[[ Material provided open ]]

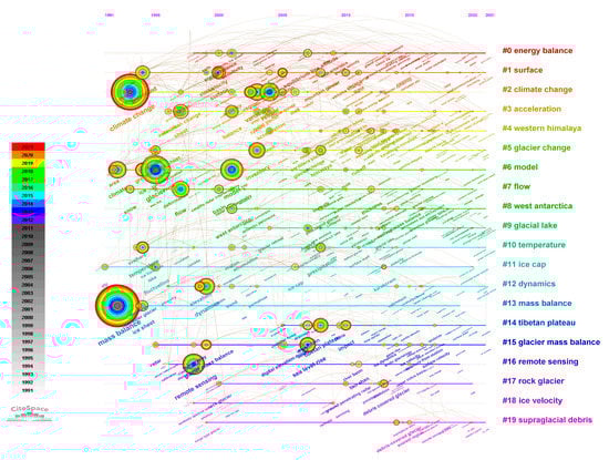 Bibliometrics is a discipline that takes the document system and bibliometric characteristics as the research object and uses mathematical, statistical, and other quantitative research methods to study the distribution structure, quantitative relationship, change rules, and quantitative management of document information, and then discusses some structures, characteristics, and laws of science and technology []. Information visualization is an interdisciplinary field, which aims to study the visual presentation of large-scale non-numerical value information resources and help to understand and analyze data by graphics and images []. Knowledge mapping is a graphical representation that combines bibliometric methods and information visualization principles to show the evolution and structural relationships of scientific knowledge []. CiteSpace is a java application for literature analysis and visualization developed by Prof. Chaomei Chen of the Drexel University School of Information Science and Technology. Its main function is to present the key evolutionary paths of research fields through metrological modeling and mapping of literature related to research fields, helping users to detect research frontiers and realize the transformation of literature research from subjective fragmentation to objective panorama []. Based on this approach, the paper finds the key and active themes and explores the frontier and hotspots for objectively understanding the whole picture of glacier mass balance research based on remote sensing technology.
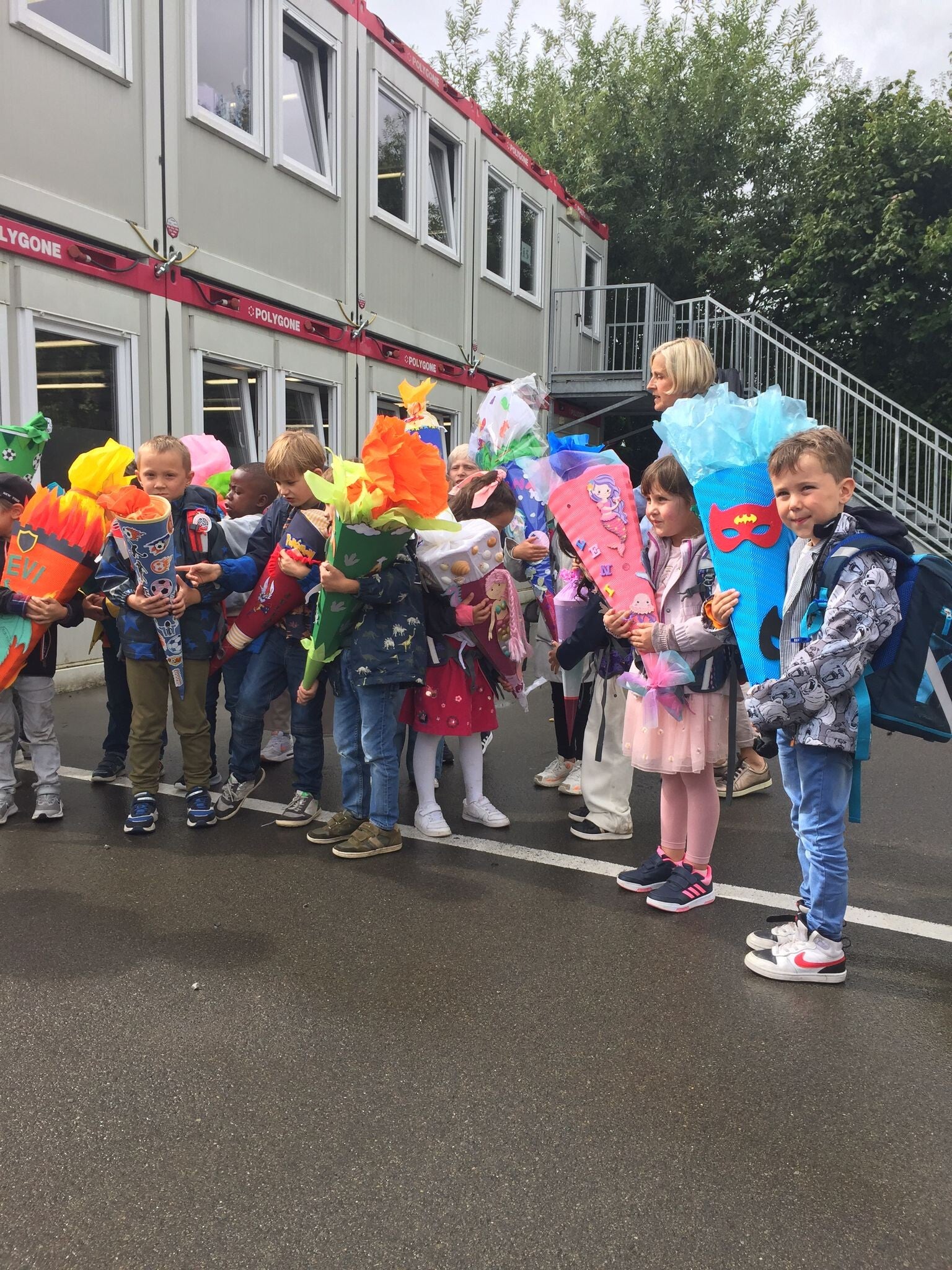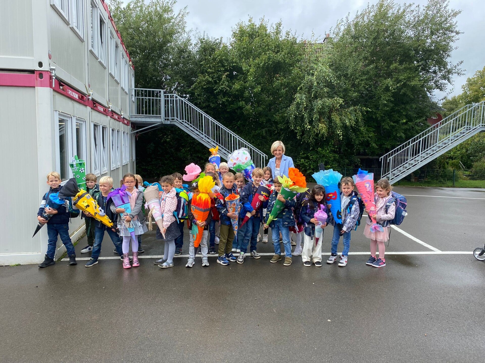 Wir sind nun alle Schulkinder! Unsere Lehrerinnen heißen Frau Kockartz und Frau Jerusalem. Am Ende des Tages durften wir eine wunderschöne Schultüte in Empfang nehmen. Darüber haben wir uns sehr gerfreut!
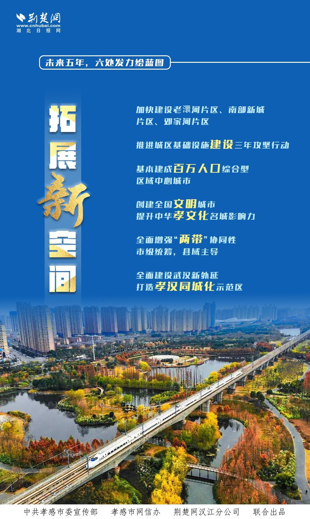 报告指出,今后五年,孝感将全面开启社会主义现代化建设新征程,深入推进“主城崛起、两代协同、孝汉同城、多元支撑”区域发展布局,全力打造武汉城市圈副中心,争当全省高质量发展第二方阵排头兵,为湖北“建成支点、走在前列、谱写新篇”作出孝感新贡献。
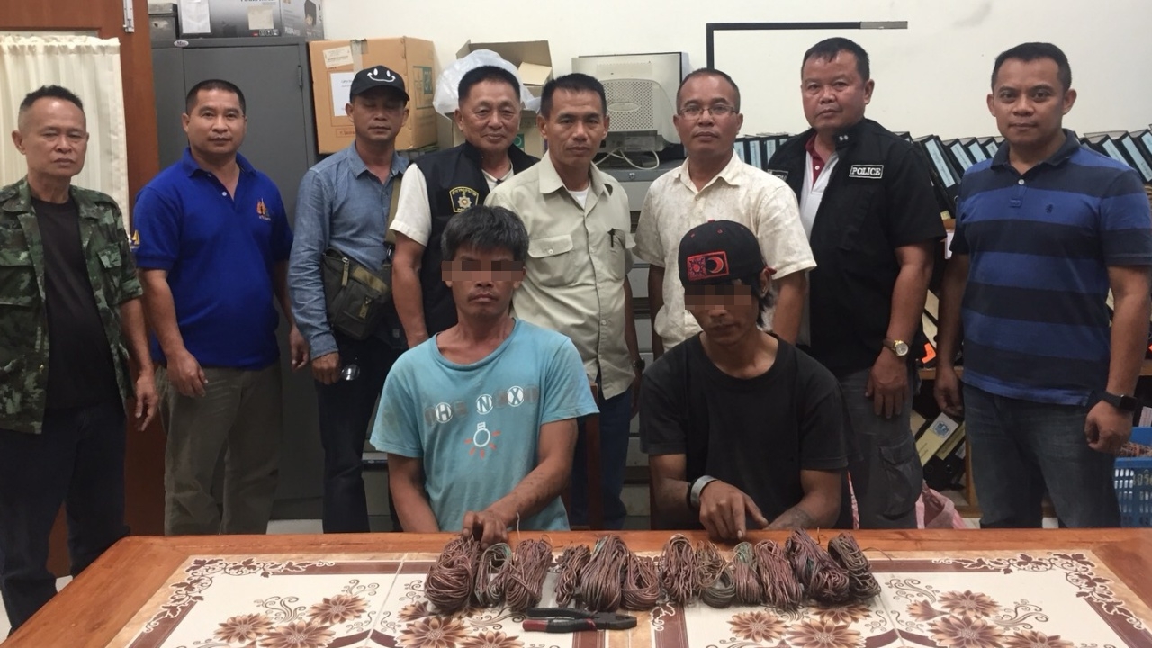 เมื่อเวลา 00.30 น. วันที่ 19 มิ.ย. 61 พ.ต.ท.อำนาจ จะวะนะ สว.สส. สภ.แม่ทา จ.ลำพูน พร้อมด้วย ร.ต.อ.วิทยา ใจคำ รอง สว.สส.สภ.แม่ทา จ.ลำพูน ร่วมกับ ตำรวจชุดสืบสวน สภ.ทากาศ จ.ลำพูน นำโดย พ.ต.ท.กรดล ยศอินต๊ะ สว.สส.สภ.ทากาศ จ.ลำพูน ได้ร่วมกันจับกุม นายสุชาติ จะงะ อายุ 27 ปี ที่อยู่ 175 หมู่ที่ 14 ต.วาวี อ.แม่สรวย จ.เชียงราย และนายคำปัน ลุงเสา สัญชาติเมียนมา อายุ 36 ปี พร้อมของกลาง ลวดทองแดงจำนวน 12 ก้อน น้ำหนักรวมประมาณ 10 กิโลกรัม คีมตัดลวดสีแดง พันด้วยหนังสีดำ จำนวน 1 ด้าม รถจักรยานยนต์ ยี่ห้อฮอนด้า รุ่น ซุปเปอร์ 70 สีเปลือกมังคุด ไม่ติดแผ่นป้ายทะเบียน จำนวน 1 คัน เบื้องต้นแจ้งข้อหา “ร่วมกันลักทรัพย์ที่ใช้หรือมีไว้เพื่อสาธารณประโยชน์โดยใช้ยานพาหนะเพื่อสะดวกแก่การกระทำผิดหรือเพื่อพาทรัพย์นั้นไป หรือรับของโจร” หลังแจ้งข้อหา ทั้งสองคนให้การรับสารภาพ เหตุเกิดที่แทงก์น้ำประปาสาธารณะของหมู่บ้าน หมู่ที่ 14 บ้านสบสะป๊วด ต.ทาสบเส้า อ.แม่ทา จ.ลำพูน

[[ Material provided closed ]]

* [What this task involves]: Please output, exactly as written, the lines above from the one holding "Wir sind nun" through the one holding "报告指出,今后五年,孝感将全", both included, with the pictures omitted.

* [Expected answer]:
 Wir sind nun alle Schulkinder! Unsere Lehrerinnen heißen Frau Kockartz und Frau Jerusalem. Am Ende des Tages durften wir eine wunderschöne Schultüte in Empfang nehmen. Darüber haben wir uns sehr gerfreut!
 报告指出,今后五年,孝感将全面开启社会主义现代化建设新征程,深入推进“主城崛起、两代协同、孝汉同城、多元支撑”区域发展布局,全力打造武汉城市圈副中心,争当全省高质量发展第二方阵排头兵,为湖北“建成支点、走在前列、谱写新篇”作出孝感新贡献。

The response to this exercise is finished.